Monday, Apr. 24, 1978

Huffing over All That Puffing

Psychological warfare heats up on both sides

At the request of Jimmy Connors and Bjorn Borg, fans at the Grand Prix Masters tennis finals in Madison Square Garden were asked not to smoke. After a moment of stunned silence, the Garden erupted in applause. Last week New Jersey announced a ban on smoking in most public buildings, including gambling casinos being built in Atlantic City.

Question: if nonsmokers are making inroads at such traditional temples of haze, as sports arenas and casinos, where can the addicted smoker feel safe? Answer: practically nowhere. About 30 states now have some kind of law barring smoking in public places. Emboldened by HEW Secretary Joseph Califano's celebrated campaign against the weed, the antismoking lobby is now pushing for further restrictions. In California, a broad initiative proposed by the Clean Indoor Air Committee will be on the ballot this fall. One of its aims is to prohibit smoking in all work places except private offices.

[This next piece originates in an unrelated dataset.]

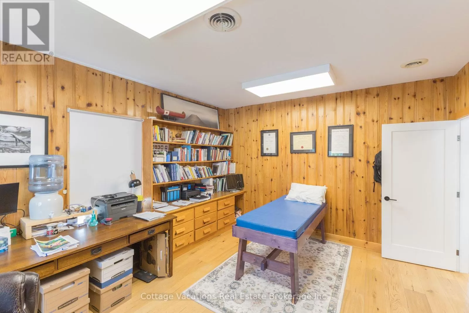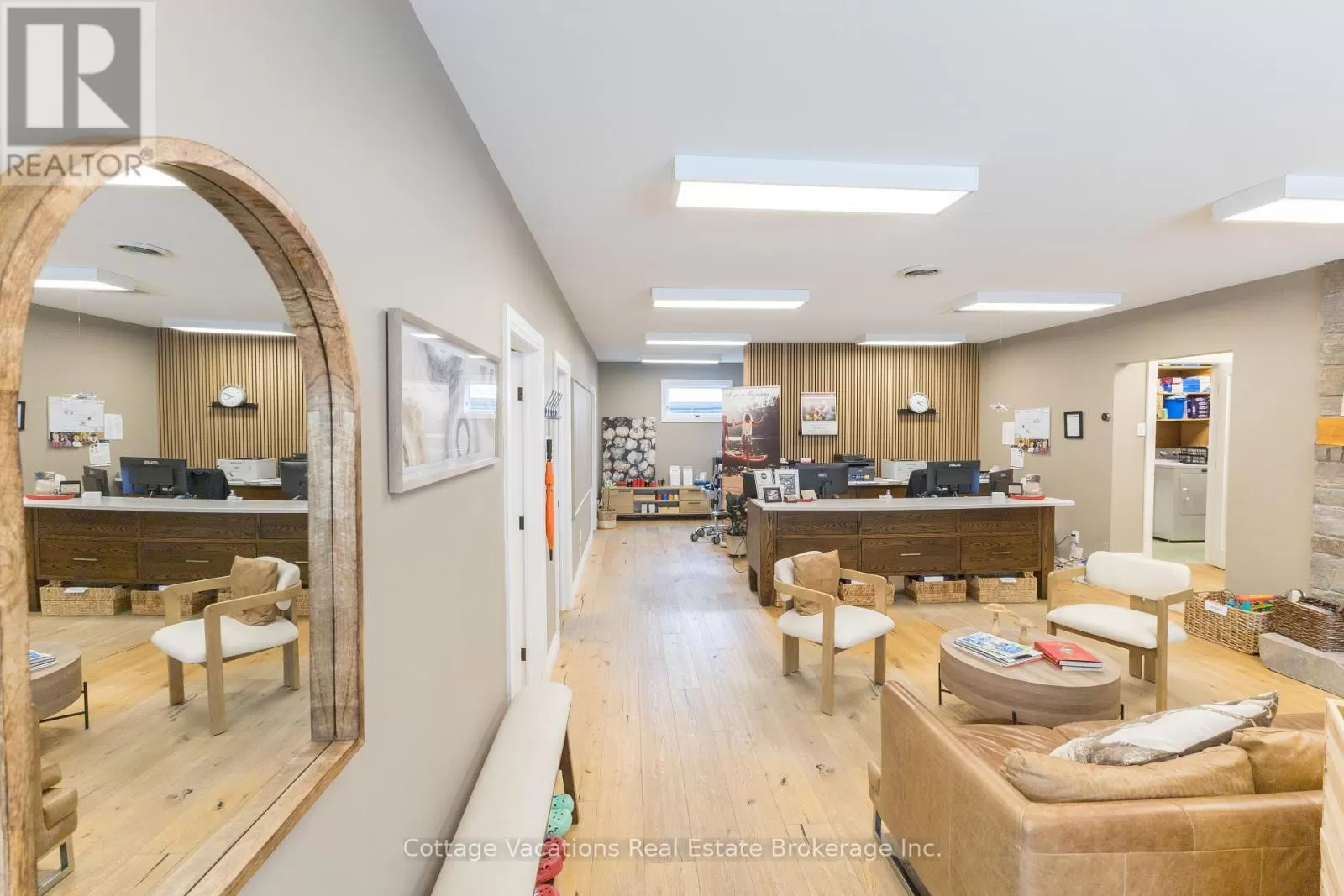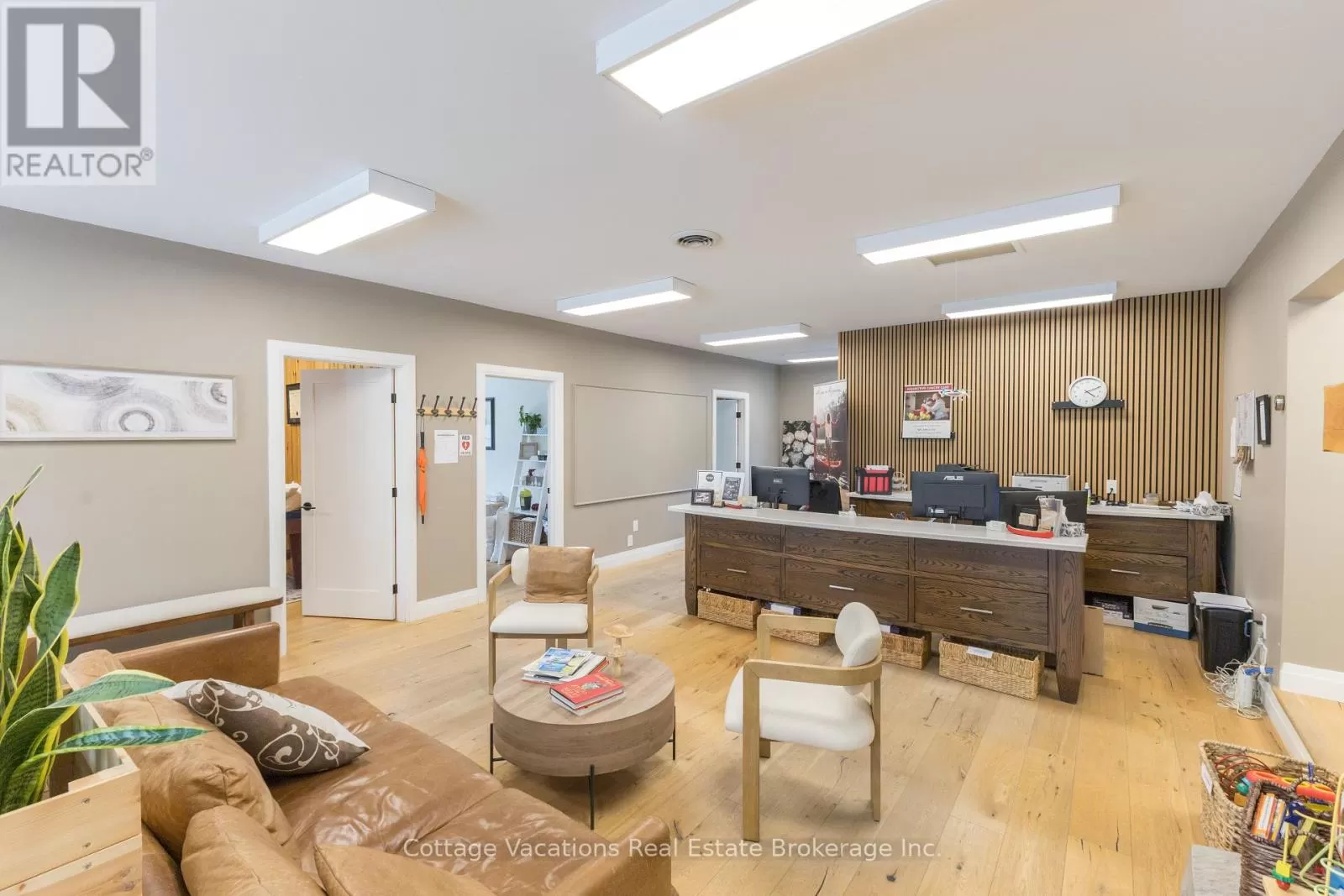 Cross Streets: King William. ** Directions: King William to Brunel Road. Ideal location for a commercial building featuring two available lease spaces. One is occupied by a triple-A long-term tenant, while the other is vacant and ready for leasing. This prime location in downtown Huntsville is just steps away from Main Street, the Muskoka River, the renowned swing bridge, and the lively community that Huntsville provides.The upper level boasts a spacious 1,500 square foot bright office area with walk-in entry. It is equipped with fibre internet and phone connectivity. The space includes enhancements such as Caesarstone countertops in the kitchen and bathroom, solid engineered hardwood flooring, and robust interior doors. Additionally, there is a granite entryway and a wood-burning fireplace. The layout comprises three private, roomy offices, a large open workspace, a kitchen area, a bathroom with a shower, and two storage rooms. The renovations are quite impressive. The lower level features a wall of windows providing excellent street front visibility, situated near the intersection of Main Street and Brunel, with a rare and commanding 33 feet of street-level frontage on Brunel Road. The 920 square foot area is designed with three offices, an open common area with a reception space, and one restroom. This property is located in the Central Business District with C7 zoning, allowing for a wide range of permitted uses, and includes six dedicated parking spots. (id:27476)
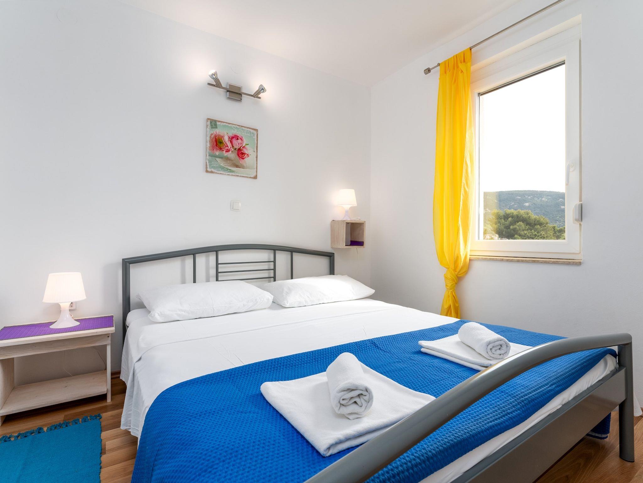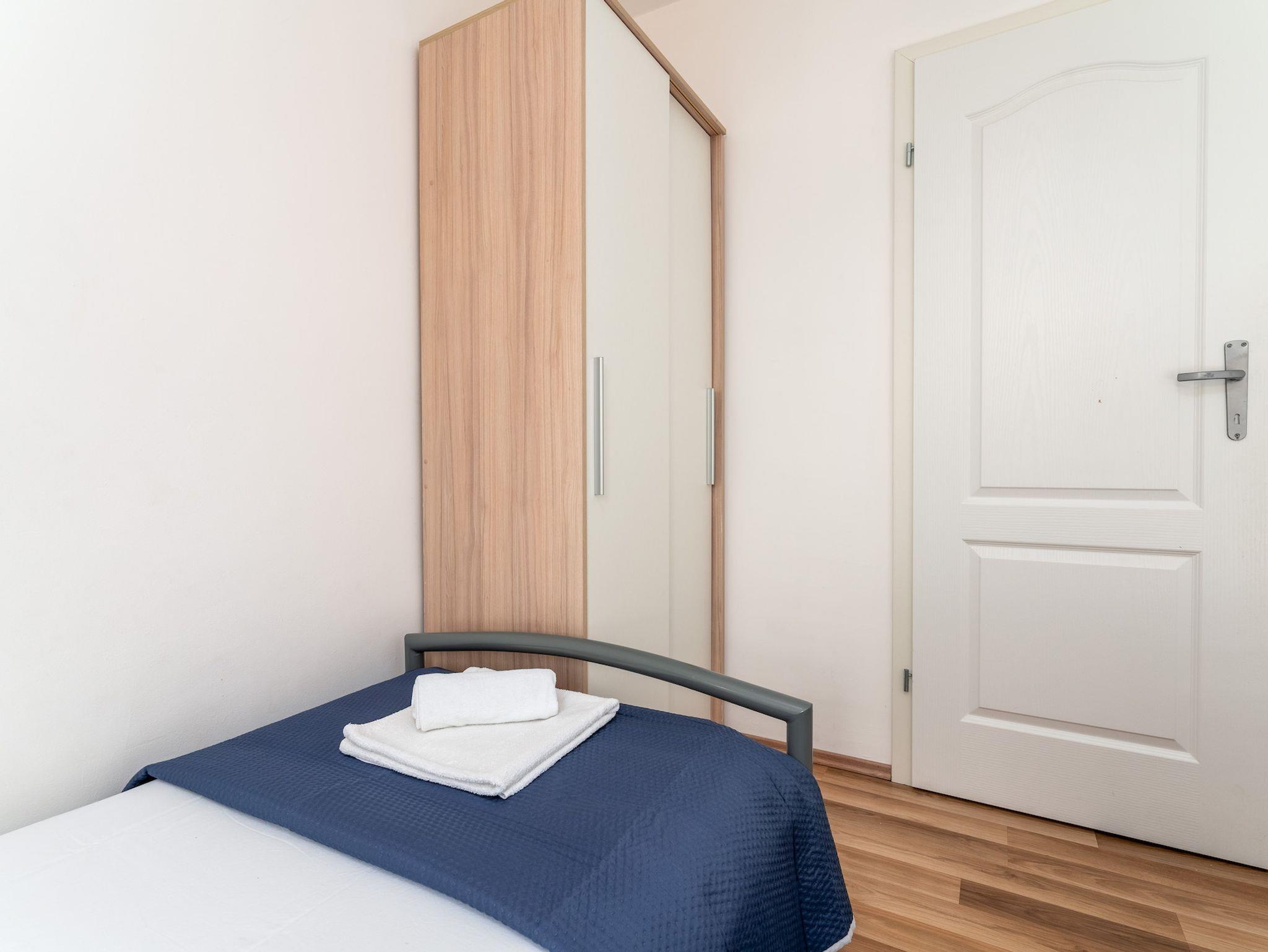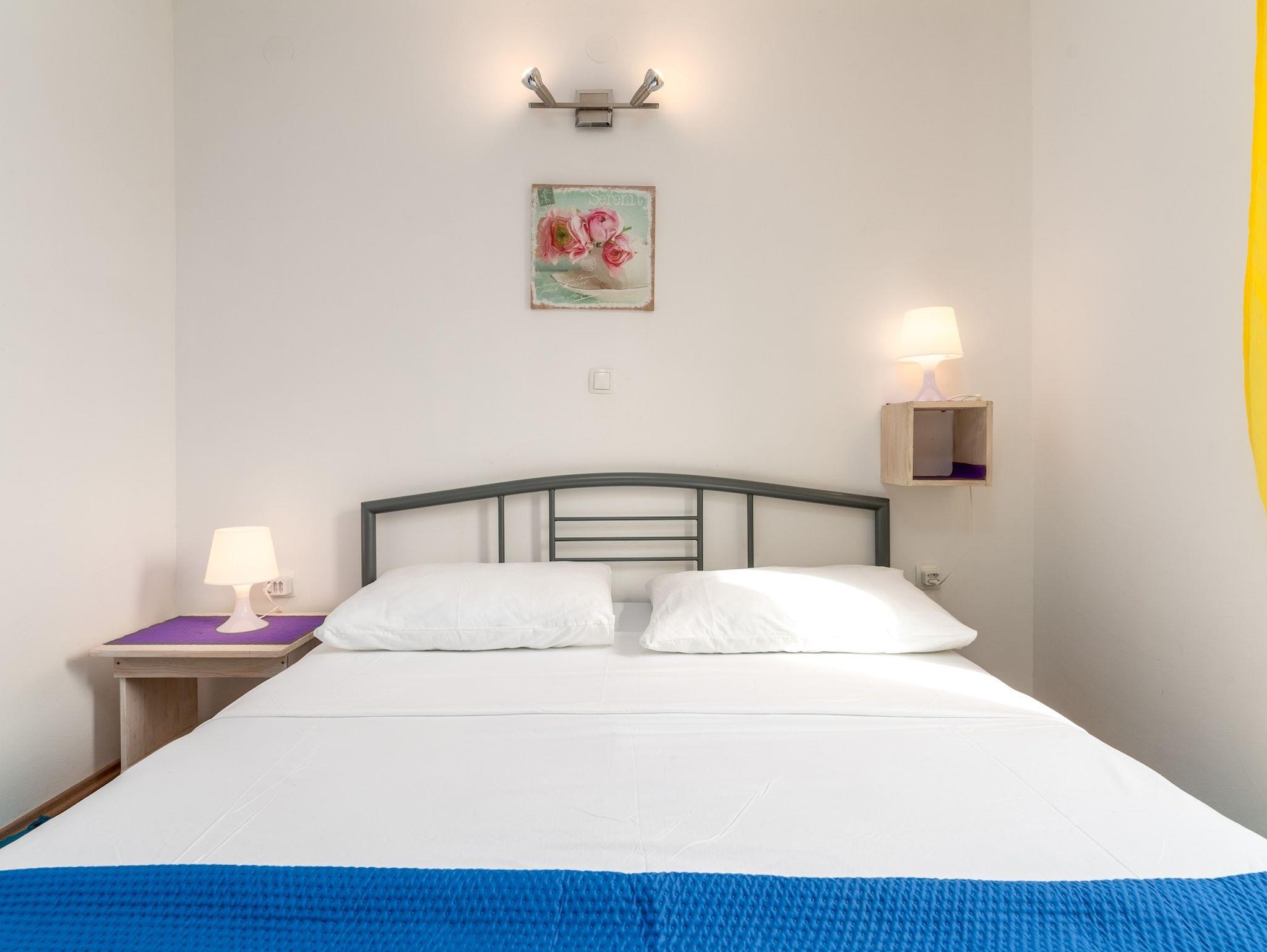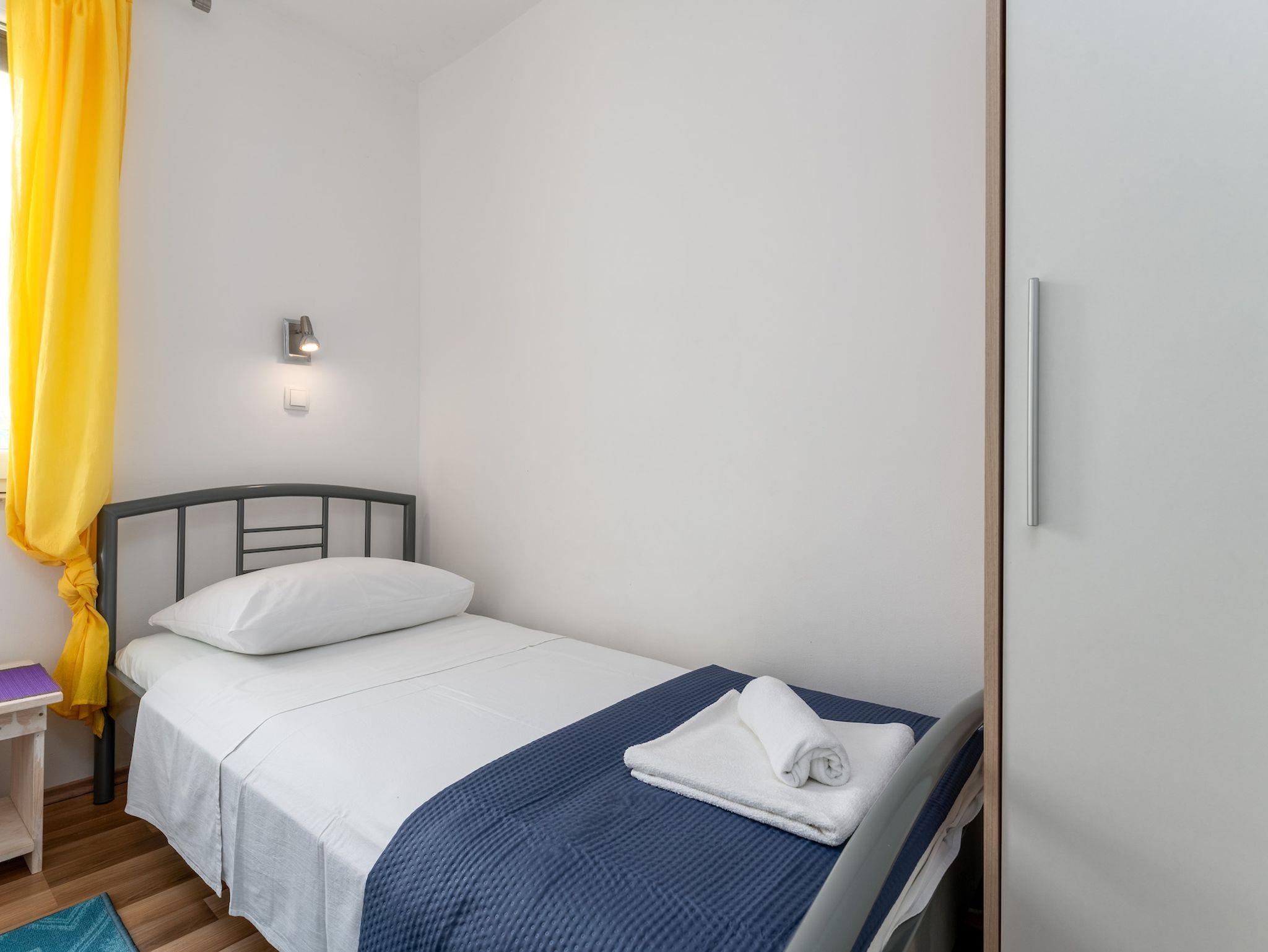 Ferienwohnung bietet Platz für 4 Gäste. Die Betten sind in Schlafzimmern, die es 2 gibt, innerhalb einer Gesamtfläche von 37m2, angeordnet. Die Gäste haben eine eigene Terrasse zur Verfügung, auf der sie in warmen Sommernächten genießen können. Es ist erlaubt, Speisen auf dem Gemeinschafts-Grill vorzubereiten. Durch die Terrasse der gebuchten Unterkunftseinheit gehen auch andere Gäste oder Vermieter. Unterkunftseinheit hat Räume, die von dem Rest der Einheit abgetrennt werden. IM PREIS INBEGRIFFEN: Kurtaxe, Endreinigung, Klimatisierung, Parkplatz, Internet, Kinderbett, Sonnenschirm. VERBINDLICHE ZUSÄTZLICHE KOSTEN: Aufzahlung für Kurzaufenthalte (prozentualer Zuschlag pro Nächtigungsanzahl: 30% - 1, 20% - 2, 10% - 3). Die Verfügbarkeit zusätzlicher Dienstleistungen in Ihrem reservierten Termin und die Preise derselben (falls nicht aufgeführt) müssen im Voraus überprüft werden. Zusätzliche Dienstleistungen die in der Zahlungsaufforderung nicht aufgeführt sind werden direkt beim Vermieter bezahlt, angenommen der Gast nutzt auch diese. Ermäßigung auf den Grundpreis: Gratistag 14=13 (bei einem Aufenthalt von 14 Tagen oder mehr erhalten Sie einen Gratistag für den Aufenthalt bis 31.12.26).

Despite such large-scale maneuvers, the real war over smoking is being fought in countless small skirmishes between recalcitrant puffers and touchy nonpuffers. The first escalation is verbal. Nonsmokers, who used to say mildly, "Would you mind not smoking?" have moved up to billingsgate. A woman trying to ban all smoking from airlines remarked, "I don't see why the nonsmokers should have their lungs raped." Action is sometimes not far behind. At a reception in the Minnesota Governor's mansion, a smoker who was asked to put out his cigarette cheerfully agreed, then made the mistake of taking one long, last puff. An incensed woman promptly doused him with gubernatorial lemonade. One New York woman carries a pair of long scissors to shear off the tips of offending cigars and cigarettes. Denver's Paul L. Wright, a management consultant, developed a heftier weapon--a can of Anti-Smokers Spray that drenches offending smokers in lemon-scented mist. So far he has sold 30,000 cans. Wright recommends spraying the smoker from five or six inches away, to make sure the cigarette goes out. "It takes guts," he admits, "but the spray is an equalizer." Wright has sprayed dozens of diners--and their meals--in restaurants. Miraculously, he has not yet been punched out. A classic soft response to such antismoking harassment is blowing smoke in the challenger's face. But that tactic is legally dangerous, at least in Australia. Brian McBride, head of a nonsmoking group there, brought charges against a bus driver who did just that to him. The driver was convicted of assault and had to pay $328 in court costs.

At home, the question for dedicated nonsmokers is whether to ask visitors not to smoke. Says an optimistic New Jersey housewife: "We figure that people who like and respect us won't offend us by smoking in our house." What about visitors who can't refrain? Rick and Debby Pabst of Buckley, Wash., put smoker friends out on the balcony. Says Rick: "We sit inside and talk through the door."

Seattle Lawyer Robert Pirtle does not feel torn by conflict when he is smoked on: "If people do not grant you your rights, make a scene." When two men were smoking in an elevator, Pirtle stopped the car and announced, "I'll hold the elevator while you put your cigarettes out." The men stood firm until Pirtle rang the alarm bell, sending them packing.

Smokers can take heart from the 300,000-member organization PUFF (People United to Fight Frustrations), founded last fall by Richard Arnold of Lubbock, Texas. Arnold, who owns two restaurants, gave up smoking three months ago, thinks the habit is harmful and recommends that smokers put out cigarettes "as a common courtesy" if the smoke is bothering anyone. He refuses donations from the tobacco industry because PUFF is not interested in promoting smoking, only the right to smoke.

Some observers believe that the smoking war cannot be understood without a bit of psychological insight. One is Manhattan Psychiatrist Samuel V. Dunkell, who sees the whole thing as struggle between macho and puritan impulses. Reformed smokers, he says, tend to be the most intractable opponents of the weed. "I've noticed when people stop smoking," he says, "that it's part of a calculated campaign of reform of the personality. They do it like a reformation in religious terms, and they feel that they have to convert others." A Tenafly, N.J., psychologist agrees, "It's not smoke that bothers them, it's people smoking."

Some of the anger on both sides can obviously be traced to the ordinary frustrations of modern life and the need for a clearly identifiable villain. In one recent incident at an open-air bus terminal in New York City, a woman asked a pipe smoker to move downwind and seemed annoyed when he readily agreed to move. Then the wind shifted and blew a puff past her nose. "You goddam smokers!" the woman screamed. "I don't know how you do it, but you can even blow smoke against the wind."